Of course, many will say 'Never go back', but O'Neill felt the time was right for him to return, even joking that me might leave and come back for a third spell as Louis van Gaal has done with the Netherlands:

"You can always talk about it is not a good time - but in a similar way to how people felt when I took the job initially, that I was too young and it wasn't the right time in my career, you never know when it will come around again.

"Someone else could have come into the job and been hugely successful so you might never get the opportunity. I was conscious that the Association wanted me to come back, their commitment to me was massive, which was a big thing as well, and I was only too happy to take up the reins again."

O'Neill also left the NI job on very good terms, so was the number one choice. Player and supporters – even the prickly elements of the media – made that clear, and he acknowledged:

"Of course that plays a factor. In football it is always nice when you are wanted, particularly when you have just left a job.

"I was probably eight weeks out of a job when the vacancy arose. I didn't anticipate leaving Stoke in August. It wasn't part of where we would be.

"We had a difficult pre-season and with anything like that there is a bit of hurt, to your confidence and other things, so when you have that positivity and opportunity to go into another job it's only natural that appeals to you. I just hope I can deliver."

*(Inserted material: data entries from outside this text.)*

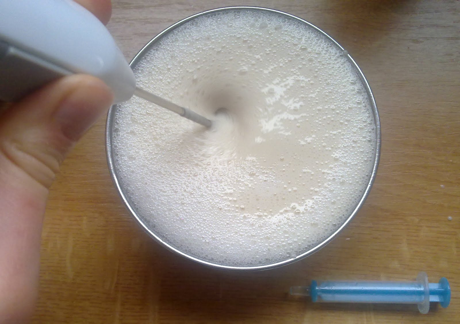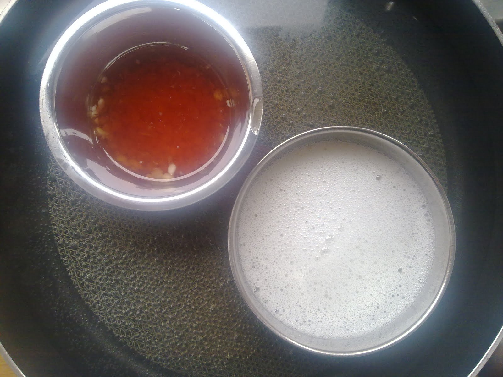 6/ Etape 2 de l'émulsion : afin d'accélérer l'émulsion, j'agite mon mélange encore 3 minutes mais dans un plat rempli d'eau bien froide. D'ailleurs la texture change...
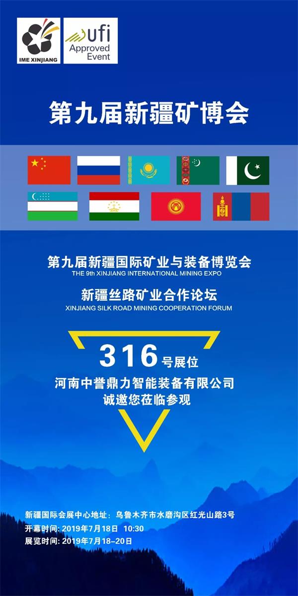 摘要:第九屆新疆礦博會暨新疆絲路礦業合作論壇將于2019年7月18日在新疆際會展開幕,為期三天。河南中譽鼎力智能裝備有限公司為316號展位,邀您蒞臨參觀。
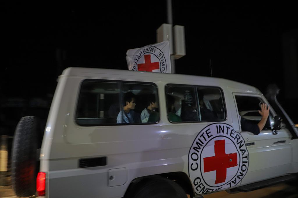 11月25日,紅十字國際委員會工作人員將被釋放人員送往加沙地帶南部拉法口岸。新華社發(fā)(里澤克·阿卜杜勒賈瓦德攝)
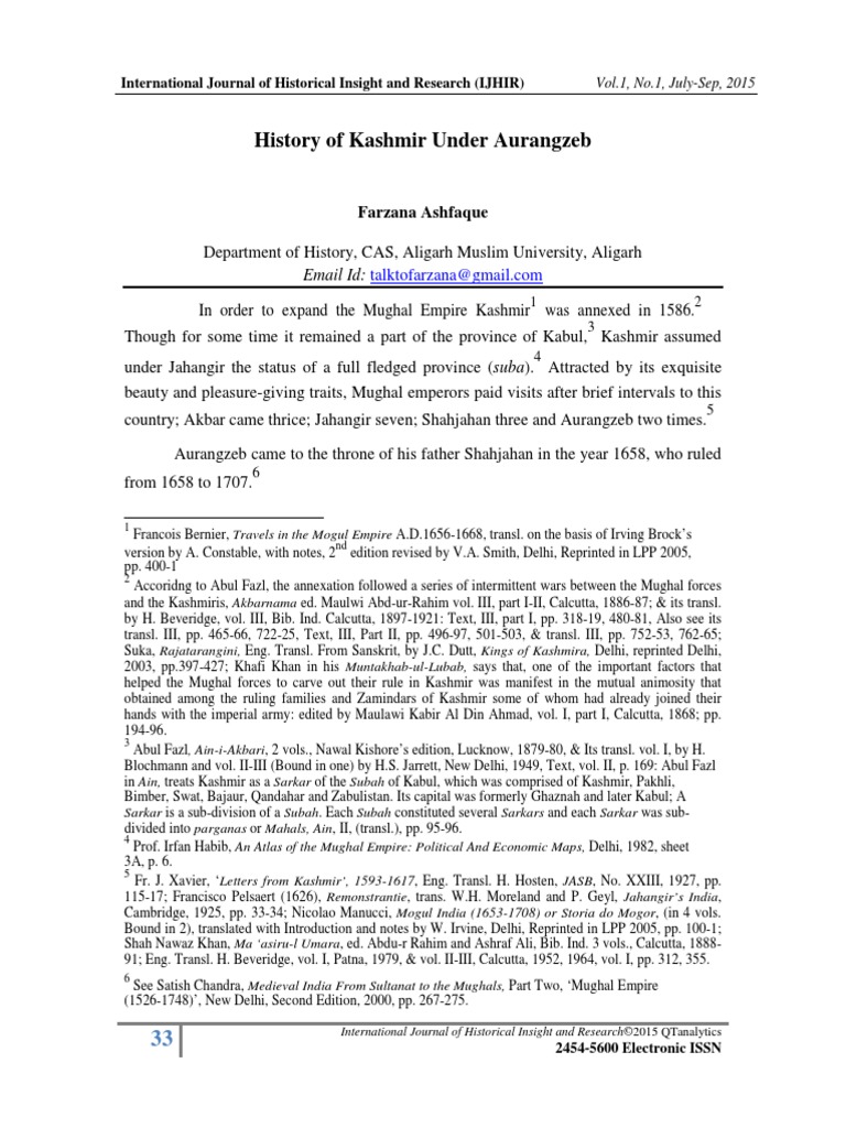 Ma ‘asir-i-Alamgiri, p. 52; Hashmatullah Khan, Mukhtasar Tarikh-i-Jammu Wa Kashmir, Jammu, 1992,

Securing qualification to a major tournament for the first time in 30 years is why Michael O'Neill is revered by Northern Ireland fans, and he has the confidence that he can work the oracles again:

"That's the key and I believe that I can. A big thing for me was the conversations I had with the players. In 2018 I had a conversation with Steven [Davis] that was a big factor in me signing a new contract with the IFA as opposed to going to the SFA [Scottish].

"I turned down a couple of opportunities at that point in time as well. Throughout that period in those eight years there were opportunities to leave but when I did leave I felt it was the right time and I made those decisions on the right basis, in the same way that I have made this decision on the right basis to come back."

O'Neill points to how close NI came to reaching the 2018 World Cup, so he feels reaching Euro 2024 is entirely possible: "I do. In 2016 [after the Euros] everyone said you need to jump now and I actually didn't think it was the time to go.

"I felt the campaign for qualification in 2018 if anything was as good if not better as 2016 - to finish second in the group to Germany ahead of Norway and the Czech Republic, we had a brilliant campaign.

"Obviously we were aggrieved by what happened in the play-off [a controversial penalty sending Switzerland through] but the ability to go again from the players has proven to me they can do that - and a lot of those players are still here."

Belief and commitment are vital elements, concludes a recharged O'Neill: "What we have to make sure is that the players are focused and they believe, because that will be the big thing. When I go back to 2012 the biggest disappointment for me in my initial campaign was the availability of players; we only had Steven Davis and Roy Carroll that played in all 10 games.

"That changed considerably over the next three campaigns and that is the only way we can be successful. Sometimes players are injured and you can't do anything about that but if you have that availability and conviction from the players then you can challenge in any campaign."